There are varying degrees of "self-made", but how I make money and the business I am in has nothing to do with my parents. I did not inherit any money and was not loaned any to start. I have had no mentors or corporate sponsors show me the way. And lastly, through all the failures and setbacks (and there have been many), despite the constant chatter that I should just get back into finance, I've never given up on my dreams.
Maybe I won't be self-made in your eyes or by anyone's definition, but it's as self-made as I can get in my shoes.
Posted by: Bryan@Gajizmo | April 18, 2013 at 02:09 AM
@Old Limey,
There were other dips in years prior to 2000 (a quick google finance search shows Jul 98, Sept 98, Jul 99, Jan 2000) that looked like the dip in March 2000 where you pulled 100% of your money out. How did you know at the time that the other dips were temporary but the March 2000 dip was the beginning of a crash?
I worry that other people reading these posts will think what you did is easy. It is absolutely not, and most people will lose money by market timing. Even Warren Buffet does not average a 39% annualized return.
Posted by: Tom | April 18, 2013 at 12:32 PM
Tom:
It wasn't until October 1998 that the Nasdaq 100 started to really take off and that was when I started to load up on the best performing, actively managed, aggressive growth funds. From then on the dips that I experienced weren't anywhere near serious enough to get me to start moving out. It wasn't until the chart of my total investments surged 506% just between 10/29/1999 and 3/9/2000 that I had my finger on the trigger ready to bail out and that's just what I did on the first really bad day by selling my largest holding.
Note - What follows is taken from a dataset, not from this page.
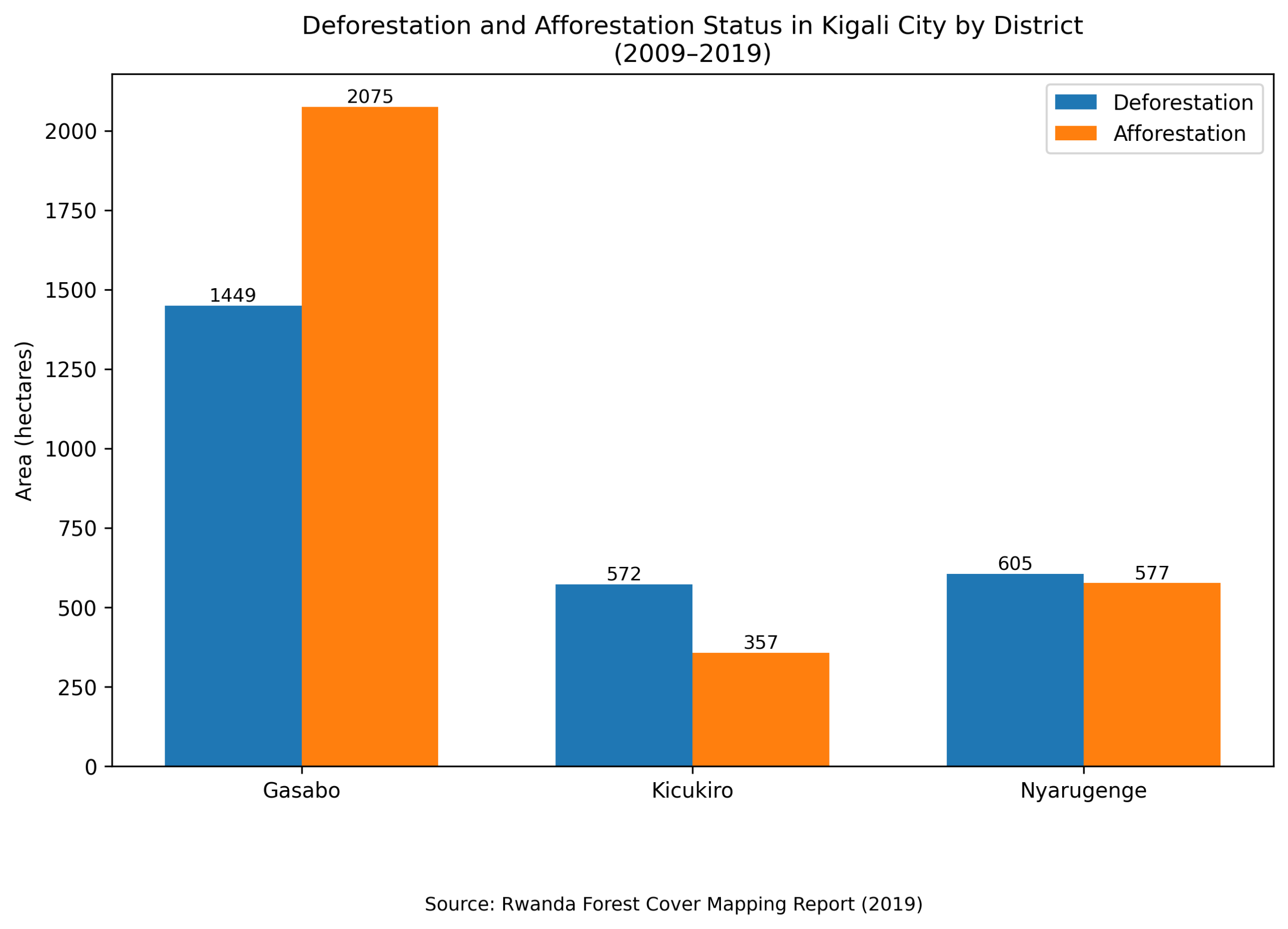 Changes in forest cover since 2009 reveal both deforestation and reforestation trends. Over a ten‑year period, reforestation reached 26.4 percent, while deforestation stood at 23 percent, resulting in a marginal net annual increase of just 0.3 percent in Kigali’s forest cover.

Then on each of the next 3 trading days I sold more and more until I was completely out.
This was a time when the technical charts go out the window and the fear of losing more and more money overrides everything else.
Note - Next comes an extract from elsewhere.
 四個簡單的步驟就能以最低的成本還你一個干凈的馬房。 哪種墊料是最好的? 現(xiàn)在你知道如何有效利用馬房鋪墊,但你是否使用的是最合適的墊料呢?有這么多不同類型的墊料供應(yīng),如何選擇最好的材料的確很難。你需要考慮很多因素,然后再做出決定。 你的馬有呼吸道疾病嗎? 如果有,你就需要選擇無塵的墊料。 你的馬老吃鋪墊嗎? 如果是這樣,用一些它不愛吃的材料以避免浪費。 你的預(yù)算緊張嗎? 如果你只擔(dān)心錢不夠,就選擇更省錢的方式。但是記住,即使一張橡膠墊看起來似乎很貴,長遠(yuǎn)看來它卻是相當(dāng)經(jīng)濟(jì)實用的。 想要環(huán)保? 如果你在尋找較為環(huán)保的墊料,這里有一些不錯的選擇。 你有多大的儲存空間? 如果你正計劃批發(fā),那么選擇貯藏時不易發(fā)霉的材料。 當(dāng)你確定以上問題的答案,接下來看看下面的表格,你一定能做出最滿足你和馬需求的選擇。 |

As Alan Greenspan later said, "The market was experiencing irrational exuberance" and there was a rush to get on board and then a rush for the exits as soon as it started down. I was probably in the first group to jump ship.
There hasn't been such a climactic spike in the Nasdaq 100 or other indexes since then. I have lectured on the technical analysis of the market and this brief period defied normal technical analysis because pure greed took over first soon to be followed by pure panic. One fund I owned for a while you may be interested to read about was Garret Van Wagoner's Emerging Growth fund. It was one of the best performers during that brief period returning 291% in 1999 but then rolled down into oblivion before it collapsed and went out of business.